Und da ist Chesi als Dritter im Bunde. Er ist nach Paris gegangen und
hat dort
als Zeithistoriker Karriere gemacht. Er ist wie besessen von der Idee,
dass der
Zweite Weltkrieg erst vorbei sei, wenn die Juden bzw. ihre Nachkommen
wieder in
ihre ursprünglichen Orte in Polen zurückkehren und
dort die jüdischen Häuser
und Gebetstätten wieder aufbauen. Als er
während eines Israelbesuchs
Amalias Stimme im Radio hört, die sich mit einem "Schlager
aus dem
Lager", nämlich dem Lied "Still, still,
mein Kind, schweig
still, hier wachsen Gräber" von ihren
Hörern verabschiedet, trifft er
sich mit Amalia. Dieses Lied war die Hymne ihrer Kindheit.
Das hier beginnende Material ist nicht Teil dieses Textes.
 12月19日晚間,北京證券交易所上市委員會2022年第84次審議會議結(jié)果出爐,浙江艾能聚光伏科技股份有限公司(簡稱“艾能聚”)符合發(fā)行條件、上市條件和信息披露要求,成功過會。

Er versucht
sie zu überzeugen,
dass ihre Begegnung "der Anfang von etwas Schönem"
sei, doch
sie endet schlussendlich in einem Fiasko, nachdem er sie nach Polen zu
seinem "Wiederaufbauprojekt"
mitgenommen hat.
Es ist der Umgang mit dem geschichtlichen Erbe, an dem sich in Dorons
Büchern
entscheidet, ob sich etwas Schönes oder eine
versöhnende Idee in einen
Schrecken verwandelt oder nicht.
Dorons Figuren sitzen allesamt wie in einer Falle. So, wie sie sie
schildert,
versucht sie nachzuweisen, dass es keinen "richtigen" Umgang mit dem
Gedenken an die Shoa und ihre Opfer geben kann.
Die zweite Generation, aufgewachsen im auch aggressiv vorgetragenen
Schweigen
ihrer Eltern, hat für ihr ganzes Leben wirksame
Beschädigungen erlitten, weil
sie ihr Leben nur als Trost für die Eltern verstehen kann. So
behutsam zum
Beispiel Etka und Sarke miteinander umgehen, so aggressiv und lieblos
reagieren
alle beide auf die Selbstbehauptungsversuche ihrer Kinder.
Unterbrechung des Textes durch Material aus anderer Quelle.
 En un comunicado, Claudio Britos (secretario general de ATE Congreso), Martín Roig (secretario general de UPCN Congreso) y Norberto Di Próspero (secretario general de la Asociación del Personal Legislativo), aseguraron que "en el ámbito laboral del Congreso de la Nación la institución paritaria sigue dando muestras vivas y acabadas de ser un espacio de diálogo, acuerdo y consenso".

Die suchen, so wie Amalia, Chesi und Gadi, ihr eigenes Leben
und stoßen
doch immer wieder auf die Gräber der Vergangenheit: "Schweig
still,
mein Kind, hier wachsen Gräber".
Lizzie Doron versucht mit ihren Büchern das Schweigen zu
brechen. Es gibt sonst
niemanden, der in der Lage ist, die widerstrebenden Gefühle
der Nachkommen der
Überlebenden tiefer und schmerzhafter auszuloten. Man merkt
der sensiblen und
gelungenen Übersetzung Mirjam Presslers an, welche unsagbare
Anstrengung das
Schreiben dieser Bücher für Lizzie Doron bedeutet.
(Winfried Stanzick; 05/2008)
Lizzie
Doron: "Der Anfang von etwas
Schönem"
(Originaltitel "Hatchala schel maschehu jaffe")
Aus dem Hebräischen
von Mirjam Pressler.
Jüdischer Verlag im Suhrkamp Verlag, 2007. 238 Seiten.